Dunmarra is a roadside stop between Elliott and Daly Waters. It was in the thick thorny bulwaddy / lancewood scrub near Dunmarra that Explorer John McDouall Stuart had great difficulty in finding water. He described it as "frightful country to be lost in". Stuart led a party of 10 men and 71 horses across Australia in 1862. His efforts secured the Northern Territory as part of South Australia.

Overland Telegraph Line
The momentous occasion of joining the two ends of the Overland Telegraph Line, linking Australia with the world, occurred just south of Dunmarra in 1872.
The 3178 kms Overland Telegraph line across Australia linked Adelaide to Palmerston (Darwin), and by undersea cable to Java (Indonesia), Europe and the world. Messages could now be sent by telegraph in hours instead of weeks by ship.
The South Australian Colonial Government  seized the opportunity to build the Overland Telegraph Line. It was a massive project through the little known waterless Centre of Australia, with huge penalties for not completing  the line on time.
Charles Todd planned and supervised the project. It was completed in less than 2 years. Some 30,000 poles were erected and 11 repeater stations built. The Telegraph Line opened up the Northern Territory to settlement.
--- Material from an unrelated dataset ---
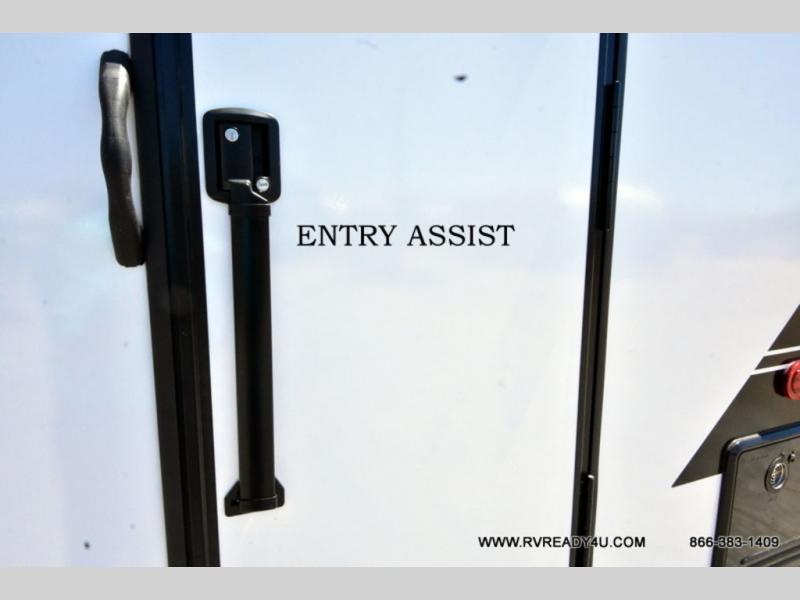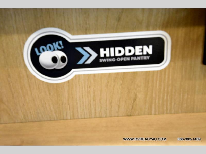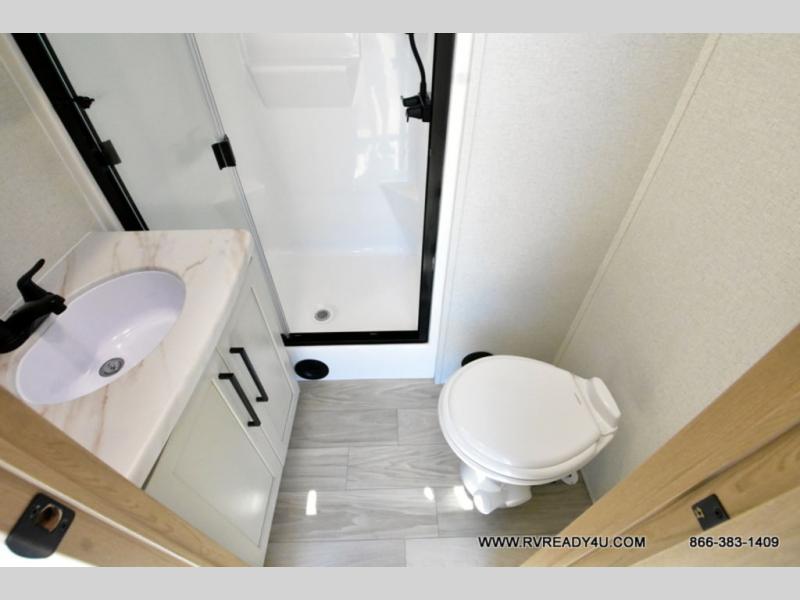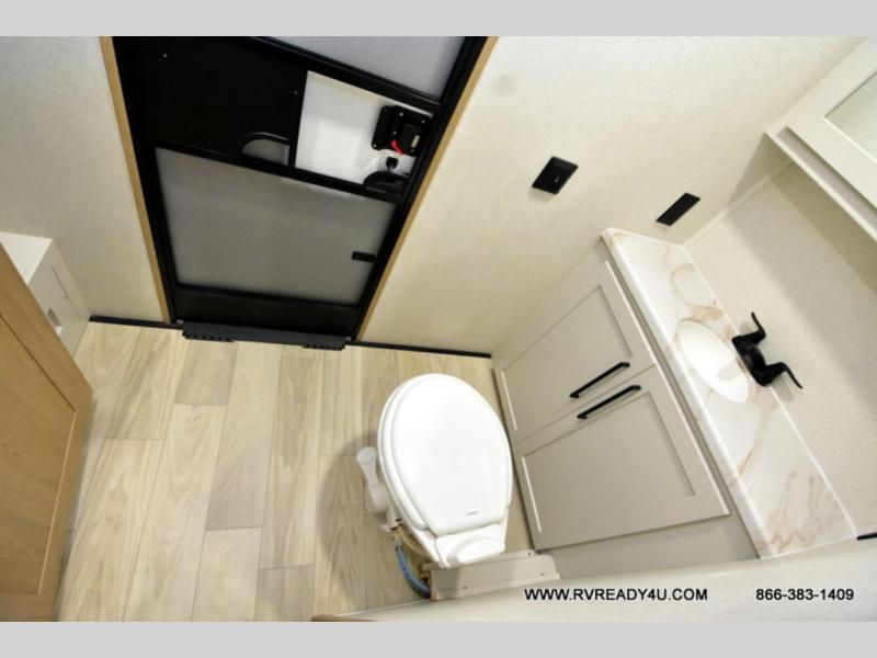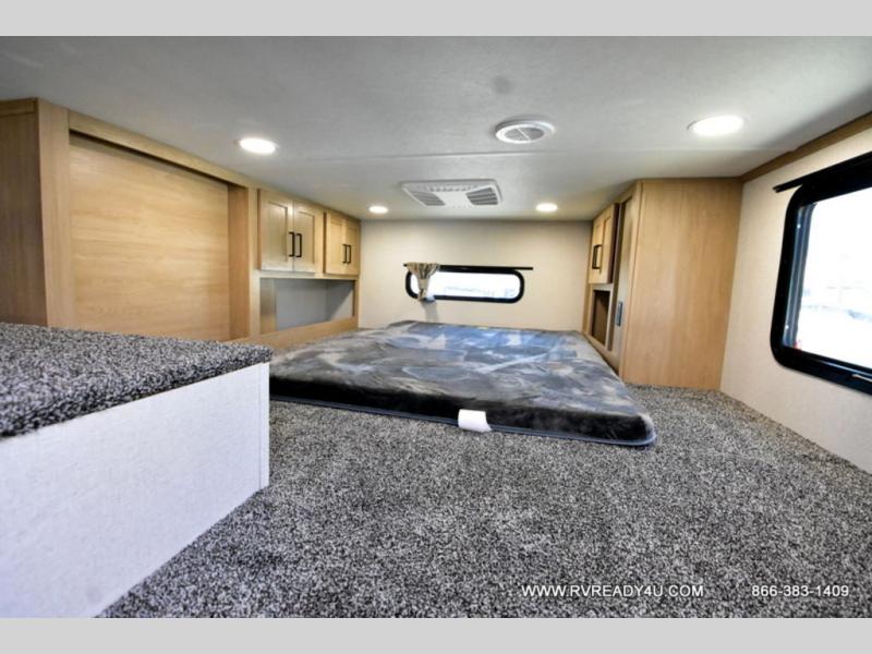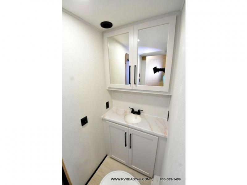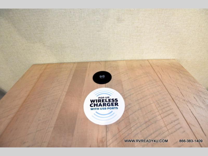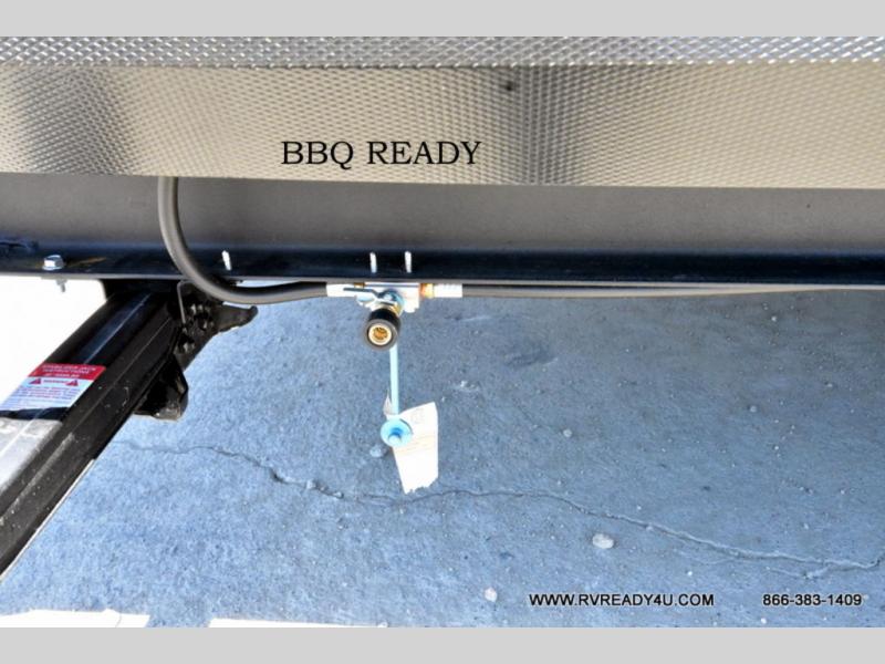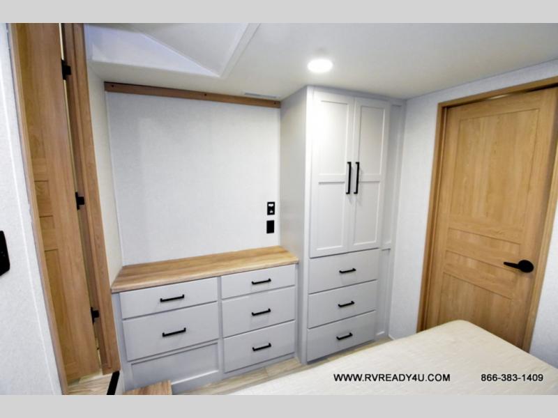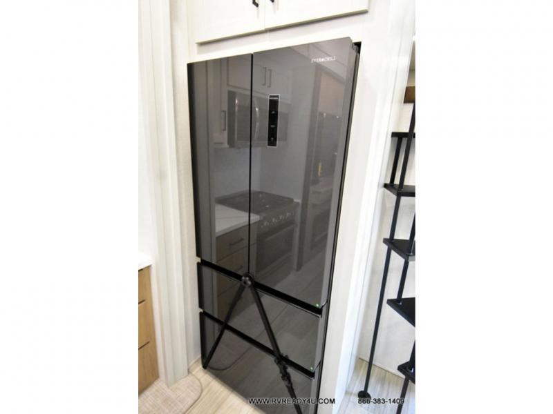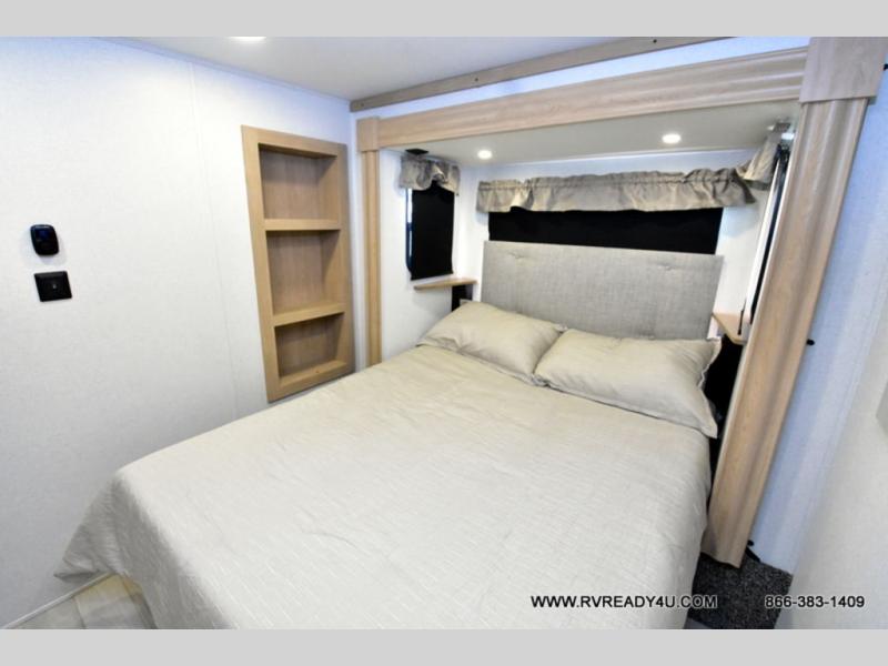 You won't believe the comfort and convenience found in this destination trailer. There are two private bedrooms; one up front with a queen bed slide out and storage space, and one in back with a queen bed slide out and a half bath! There is even washer and dryer prep here if you want to add those appliances and the second entry door is also found in this location so you can easily slip out in the morning. Above each of these rooms is a loft providing three total bunk mats for sleeping, storage cabinets, and TV prep if you want to add entertainment. Everyone can meet in the combined kitchen and living room that includes dual opposing slides, a 60" theater seating across from a 50" flat screen TV and fireplace, plus a free-standing table with chairs and a bench to dine at. The chef of your group will love the large kitchen island, Chef Collection three burner range, and a 16.2 cu. ft. refrigerator for food storage.

The name Dunmarra is believed to be the Aboriginal pronounciation of Dan O'Mara, an overland telegraph linesman who was lost in the bush and perished.

Dunmarra was on the crossroads of Murranji, Barkly and North-South Stock Routes.

Drover Noel Healy established a cattle station here in the 1930s and discovered O’Mara’s skeleton in the bush. A hotel was later built.
In the 1940s, it was a welcome stop for troops on the military convoys heading north.

Little Boy Lost
In October 1993 eight year old Clinton Liebelt went missing from Dunmarra Roadhouse. He'd gone off on his motorbike to pursue his father to help find an escaped horse. He knew to "follow the sun" to get home from his adventures and to never never cross the Stuart Highway into the inhospitable country.
But on this occasion he did, sparking the biggest manhunt in the Territory.
As the search in searing heat progressed, it appeared Clinton was "following the sun" for the way home, unaware as he had crossed the highway, he was heading further away.
Hundreds joined in the search, from army volunteers and passing tourists, to footballers abandoning a match at Katherine.
All knew hours meant the difference between life and death. A make-shift camp of some 1200 people sprang up on the side of the road.
It began as a desperate search for life, but as one searingly hot day followed another, it became obvious they would now recover the body of a small boy from the wilderness. And so it was. The search ended in tragedy.
Years later the epic search has been recorded as true mateship – Australia’s national identity is alive and well. The story “The Lost Boy’ by journalist Robert Wainwright who was there at the time is available at Dunmarra Wayside Inn.